Christiansen Filip, Konuk Emir, Ganeshan Adithya Raju, Welch Robert, Palés Huix Joana, Czekierdowski Artur, Leone Francesco Paolo Giuseppe, Haak Lucia Anna, Fruscio Robert, Gaurilcikas Adrius, Franchi Dorella, Fischerova Daniela, Mor Elisa, Savelli Luca, Pascual Maria Àngela, Kudla Marek Jerzy, Guerriero Stefano, Buonomo Francesca, Liuba Karina, Montik Nina, Alcázar Juan Luis, Domali Ekaterini, Pangilinan Nelinda Catherine P, Carella Chiara, Munaretto Maria, Saskova Petra, Verri Debora, Visenzi Chiara, Herman Pawel, Smith Kevin, Epstein Elisabeth
Department of Clinical Science and Education, Södersjukhuset, Karolinska Institutet, Stockholm, Sweden.

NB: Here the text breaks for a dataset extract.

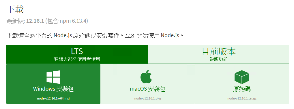 - 至 https://nodejs.org/zh-tw/download/ 網站下載 LTS 版本
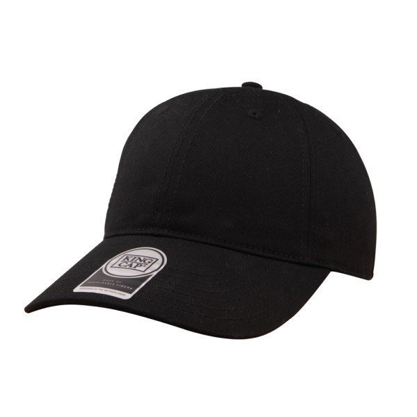6 Panel Cap ohne Frontfütterung. Low profile. Mattschwarze Schnalle und Öse. Hergestellt aus recycelter Baumwolle

Department of Obstetrics and Gynecology, Södersjukhuset, Stockholm, Sweden.
Nat Med. 2025 Jan;31(1):189-196. doi: 10.1038/s41591-024-03329-4. Epub 2025 Jan 2.
Ovarian lesions are common and often incidentally detected. A critical shortage of expert ultrasound examiners has raised concerns of unnecessary interventions and delayed cancer diagnoses. Deep learning has shown promising results in the detection of ovarian cancer in ultrasound images; however, external validation is lacking. In this international multicenter retrospective study, we developed and validated transformer-based neural network models using a comprehensive dataset of 17,119 ultrasound images from 3,652 patients across 20 centers in eight countries. Using a leave-one-center-out cross-validation scheme, for each center in turn, we trained a model using data from the remaining centers. The models demonstrated robust performance across centers, ultrasound systems, histological diagnoses and patient age groups, significantly outperforming both expert and non-expert examiners on all evaluated metrics, namely F1 score, sensitivity, specificity, accuracy, Cohen's kappa, Matthew's correlation coefficient, diagnostic odds ratio and Youden's J statistic. Furthermore, in a retrospective triage simulation, artificial intelligence (AI)-driven diagnostic support reduced referrals to experts by 63% while significantly surpassing the diagnostic performance of the current practice. These results show that transformer-based models exhibit strong generalization and above human expert-level diagnostic accuracy, with the potential to alleviate the shortage of expert ultrasound examiners and improve patient outcomes.
卵巢病变很常见,且常为偶然发现。专家超声检查人员的严重短缺引发了对不必要干预和癌症诊断延误的担忧。深度学习在超声图像中检测卵巢癌方面已显示出有前景的结果;然而,尚缺乏外部验证。在这项国际多中心回顾性研究中,我们使用来自八个国家20个中心的3652例患者的17119幅超声图像的综合数据集,开发并验证了基于Transformer的神经网络模型。采用留一中心交叉验证方案,依次对每个中心,我们使用其余中心的数据训练一个模型。这些模型在各中心、超声系统、组织学诊断和患者年龄组中均表现出稳健的性能,在所有评估指标(即F1分数、灵敏度、特异度、准确度、科恩kappa系数、马修斯相关系数、诊断比值比和约登指数)上均显著优于专家和非专家检查人员。此外,在一项回顾性分诊模拟中,人工智能驱动的诊断支持将转诊给专家的比例降低了63%,同时显著超过了当前做法的诊断性能。这些结果表明,基于Transformer的模型具有强大的泛化能力且诊断准确性高于人类专家水平,有潜力缓解专家超声检查人员短缺的问题并改善患者预后。